Despite its potential, VR in psychology faces several challenges and limitations. Accessibility and cost remain significant barriers, as high-quality VR equipment can be expensive, limiting its availability in both research and clinical settings. Ethical concerns related to informed consent, potential adverse effects, and data privacy are also important considerations [15]. Moreover, the potential psychological effects of prolonged VR exposure require further investigation. Some individuals may experience disorientation, motion sickness, or other negative psychological reactions when using VR technology [16]. Implementing VR in therapy or research often requires specialized knowledge and training. The availability of professionals with expertise in both VR technology and psychology can be limited, particularly in some regions [17]. Despite those limitations, the use of VR in psychology is a new direction of research that is increasingly used in psychology. Several studies [18,19,20] have focused on how virtual reality (VR) can be used to facilitate the retrieval of autobiographical memories, which are memories of one’s own life events. One significant finding in this field is the impact of multisensory stimuli in VR environments on autobiographical memory retrieval. Multisensory information in VR seems to contribute differently to the recollection of events.

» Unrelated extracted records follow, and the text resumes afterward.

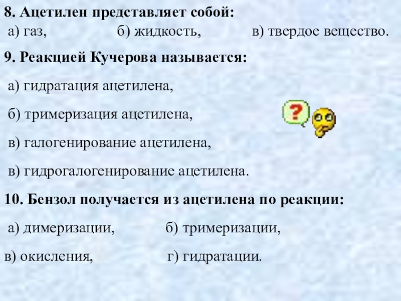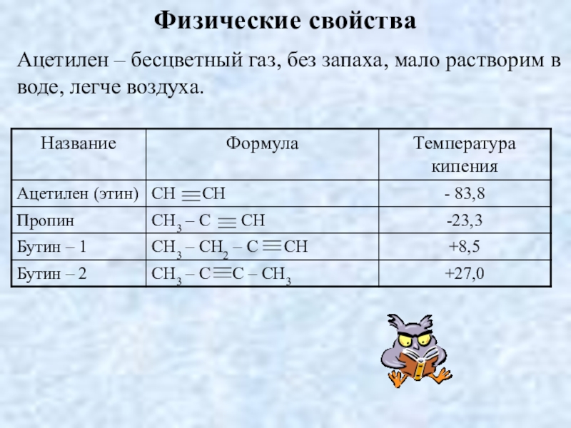 Ацетилен – бесцветный газ, без запаха, мало растворим в воде,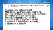 Московские школьники завоевали три золота в финале Всероссийской олимпиады роботов. Победителей в своем Twitter поздравил Сергей Собянин.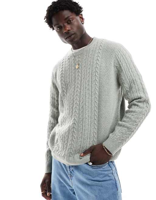 ASOS DESIGN – Locker geschnittener, weiter Strickpullover in Grün mit Zopfmuster und Rundhalsausschnitt

This multisensory approach aims to create a more immersive and realistic experience, potentially enhancing the effectiveness of memory retrieval:
  • Image and sound. The combination of visual and auditory stimuli in VR is quite common and forms the basis of most virtual experiences. Visual elements create a sense of place and context, while auditory elements can enhance the realism of the environment and trigger memories related to sound or music.
  • Odor. The sense of smell is closely linked to memory and emotion in the brain. By including specific odors that are associated with certain memories or experiences, it is possible to enhance the recall of autobiographical memories. This can be particularly powerful, as scents are known to trigger vivid and emotional memories.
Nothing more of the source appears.